Interview

Zipline raises $600M at $7.6B valuation, launches EV3 aircraft, and sets sights on every US metro

Jan 22, 2026 with Keller Rinaudo Cliffton

Key Points

  • Zipline closes $600 million funding at $7.6 billion valuation, with flight volumes and revenue tripling in three months as the autonomous delivery startup expands to Houston and Phoenix.
  • The company introduces the EV3 aircraft with 50% cost reduction and claims 8-decibel noise reduction, positioning the next-generation platform for scaled manufacturing at 20,000 units annually.
  • Zipline commits to launching in multiple new US metros quarterly, backed by 15% week-over-week volume growth and a Dallas neighborhood where 50% of homes have already ordered deliveries.
Zipline raises $600M at $7.6B valuation, launches EV3 aircraft, and sets sights on every US metro

Summary

Zipline closed a $600 million funding round, valuing the autonomous delivery company at $7.6 billion, with the capital earmarked for US and global expansion. The announcement came alongside the naming of Houston and Phoenix as its next metro launches, with the company committing to adding multiple new cities every quarter going forward.

The growth numbers underlying the raise are striking. Flight volumes and revenue tripled in the three months between board meetings, and the manufacturing facility has itself tripled in size within two months to support demand.
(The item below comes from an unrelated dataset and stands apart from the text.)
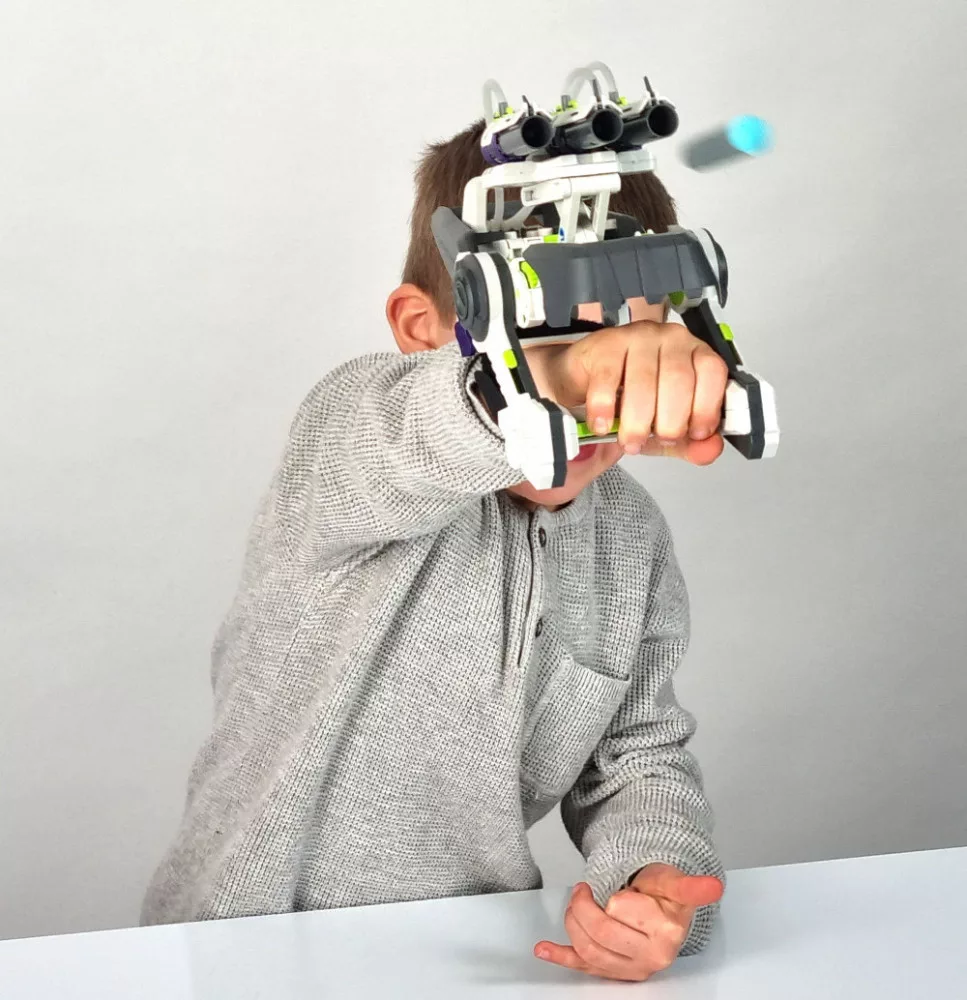 Szereld össze az alkatrészeket és építs egy szuper, levegővel működő szivacskilövő kezet! Irányítsd a saját kezeddel a játékot, pumpáld, hogy kilőhesd a nyilakat. A szivacslövőt balkezesek és jobbkezesek is egyaránt használhatják. A csövek iránya mozgatható, hogy akár több szögből is célozni tudj!

The company reports 15% week-over-week volume growth sustained over the past year, with a single Sunday in Dallas setting an all-time delivery record, surpassing the prior week's record by 25%. In one Dallas municipality, more than 50% of homes have ordered from Zipline, and 10% of all homes in that area placed an order on that record day alone.

Keller, Zipline's representative, introduced the company's next-generation aircraft, the EV3, now entering production at what Zipline claims is the largest autonomous aircraft factory in the United States, capable of building 20,000 aircraft per year. The EV3 carries a roughly 50% cost reduction versus the current platform, achieved through part deletion, redesigned subassemblies, and improved supplier pricing at scale.

On acoustics, Zipline claims its current aircraft are already six times quieter than the nearest competitor during home delivery. The EV3 is projected to deliver an additional 8-decibel reduction this year, which translates to approximately half as loud to the human ear.

To support geographic density, Zipline is introducing ZippingPoints, a ground infrastructure product it will install at no cost to partners including hospitals, retailers, and restaurants. The product is positioned as a new category of delivery endpoint, analogous to a mailbox for autonomous logistics. Alcohol delivery via phone-based ID verification is in scope.

On the eVTOL passenger market, Zipline's view is that autonomous delivery at scale is the necessary precursor to carrying humans. The core barriers cited are the absence of certified autonomous pilots at consumer price points and the lack of urban landing infrastructure. The integration problem, specifically enabling door-to-door pickup and drop-off, is identified as the central unsolved challenge, not the flight technology itself.

Zipline is also operating a 24/7 all-weather test site in the Cascades in Oregon, stress-testing aircraft and ground systems in snow, ice, and sleet conditions, with the goal of qualifying for diverse climate launches across the US by end of 2025.